**RECORDS SUPPLIED:**
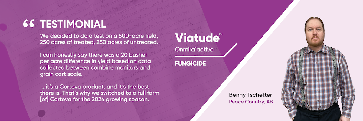 "We decided to do a test on a 500-acre field, 250 acres of treated, 250 acres of untreated. I can honestly say that there was a 20 bushel per acre difference in yield based on data collected between combine monitors and grain cart scale... it's a Corteva product, and it's the best there is. That's why we switched to a full farm [of] Corteva for the 2024 growing season."
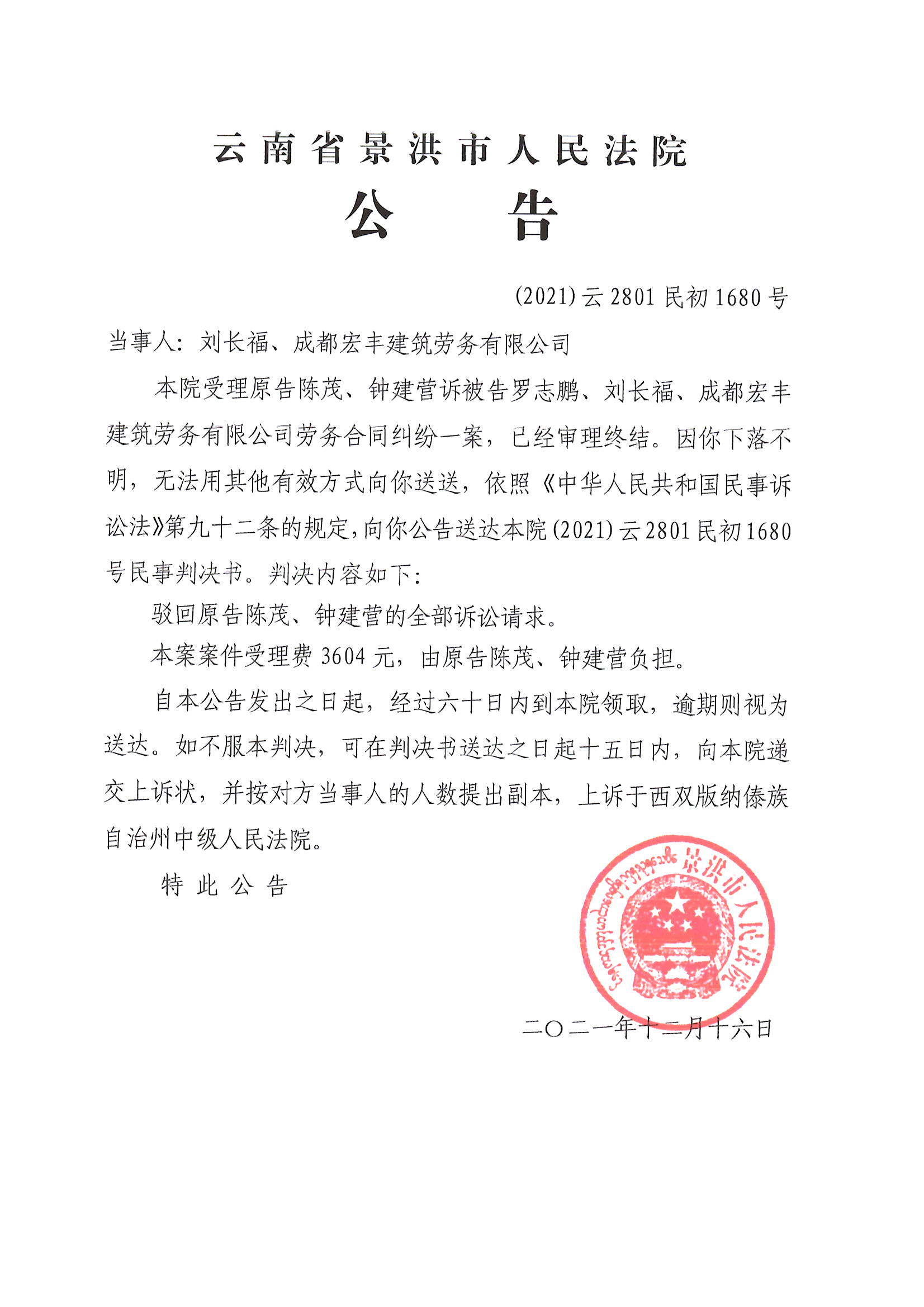 刘长福、成都宏丰建筑劳务有限公司(判决)
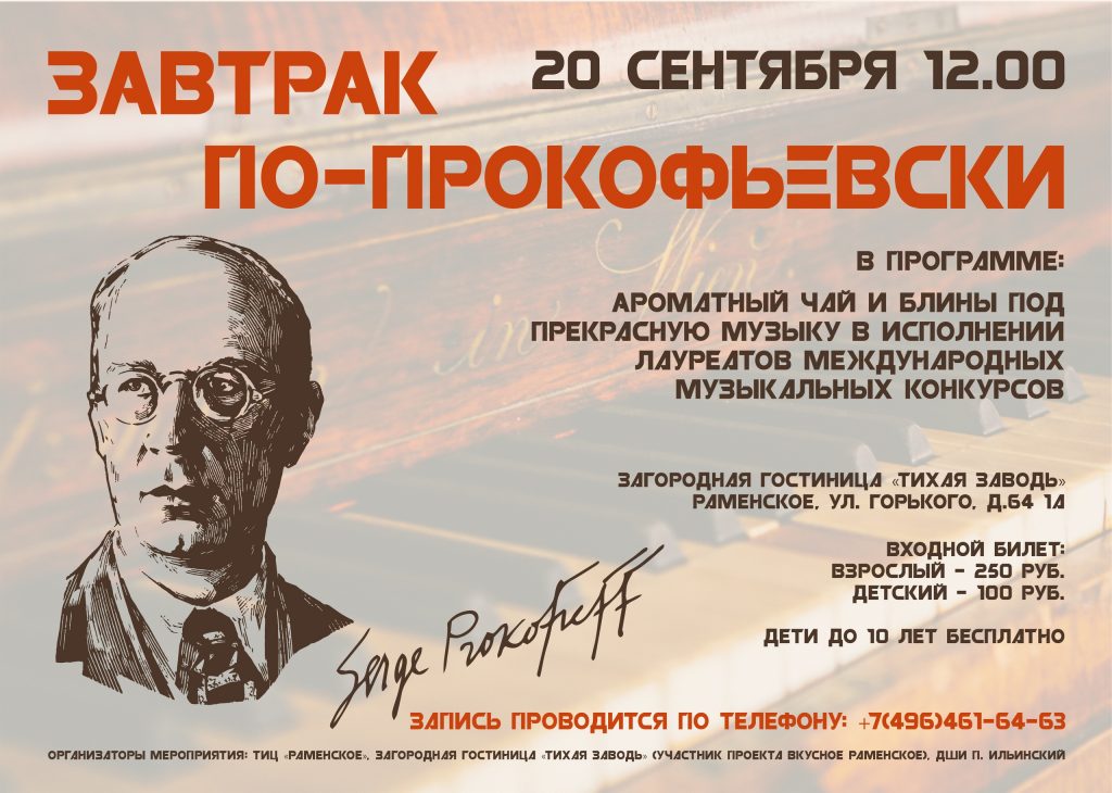 20 сентября в дачном поселке Кратово вновь состоится долгожданный «Завтрак по-Прокофьевски» — музыкально-литературная встреча, повествующая о жизни и творчестве Сергея Сергеевича Прокофьева, который любил проводить свободное время на даче в Кратово, где он искал вдохновения. Именно здесь, в Кратово, в 1941г. он работал над балетом «Золушка», когда его застала новость о начавшейся войне. Приглашаем окунуться в атмосферу дачной жизни русской интеллигенции середины XX века в стенах загородной гостиницы «Тихая заводь» — участницы гастрономического проекта «Вкусное Раменское» (подробности в афише)
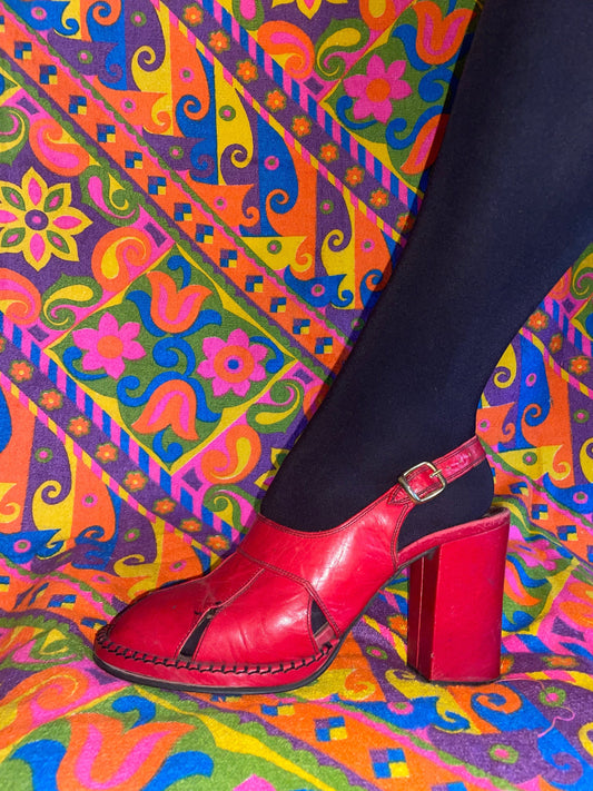 vtg 70s CHERRY RED PLATFORMS // vintage chunky pumps cut out peep toe sling back heels disco sexy dancing retro 70s stacked strappy heels
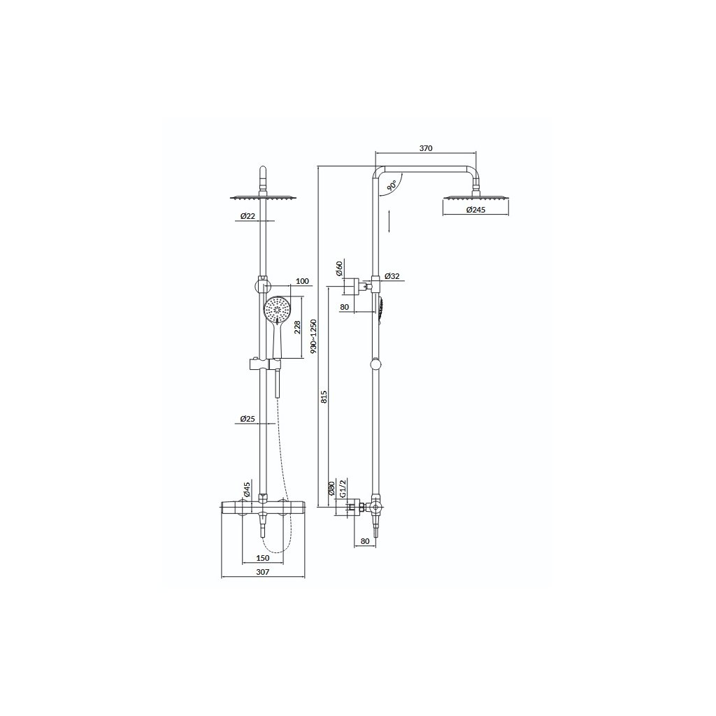 Súčasťou zostavy je vysoko výkonná termostatická sprchová batéria SafeTouch s chladeným telom, ktorá minimalizuje riziko popálenia a umožňuje presné nastavenie teploty vody. Prepínač umožňuje jednoduchú voľbu medzi dažďovou sprchou a ručnou sprchovou hlavicou, pričom ovládanie vody zabezpečuje kvalitný pozinkovaný gombík.

**REQUIRED ACTION:** Reproduce the listing above exactly, without a single picture.

**WRITTEN SOLUTION:**
 "We decided to do a test on a 500-acre field, 250 acres of treated, 250 acres of untreated. I can honestly say that there was a 20 bushel per acre difference in yield based on data collected between combine monitors and grain cart scale... it's a Corteva product, and it's the best there is. That's why we switched to a full farm [of] Corteva for the 2024 growing season."
 刘长福、成都宏丰建筑劳务有限公司(判决)
 20 сентября в дачном поселке Кратово вновь состоится долгожданный «Завтрак по-Прокофьевски» — музыкально-литературная встреча, повествующая о жизни и творчестве Сергея Сергеевича Прокофьева, который любил проводить свободное время на даче в Кратово, где он искал вдохновения. Именно здесь, в Кратово, в 1941г. он работал над балетом «Золушка», когда его застала новость о начавшейся войне. Приглашаем окунуться в атмосферу дачной жизни русской интеллигенции середины XX века в стенах загородной гостиницы «Тихая заводь» — участницы гастрономического проекта «Вкусное Раменское» (подробности в афише)
 vtg 70s CHERRY RED PLATFORMS // vintage chunky pumps cut out peep toe sling back heels disco sexy dancing retro 70s stacked strappy heels
 Súčasťou zostavy je vysoko výkonná termostatická sprchová batéria SafeTouch s chladeným telom, ktorá minimalizuje riziko popálenia a umožňuje presné nastavenie teploty vody. Prepínač umožňuje jednoduchú voľbu medzi dažďovou sprchou a ručnou sprchovou hlavicou, pričom ovládanie vody zabezpečuje kvalitný pozinkovaný gombík.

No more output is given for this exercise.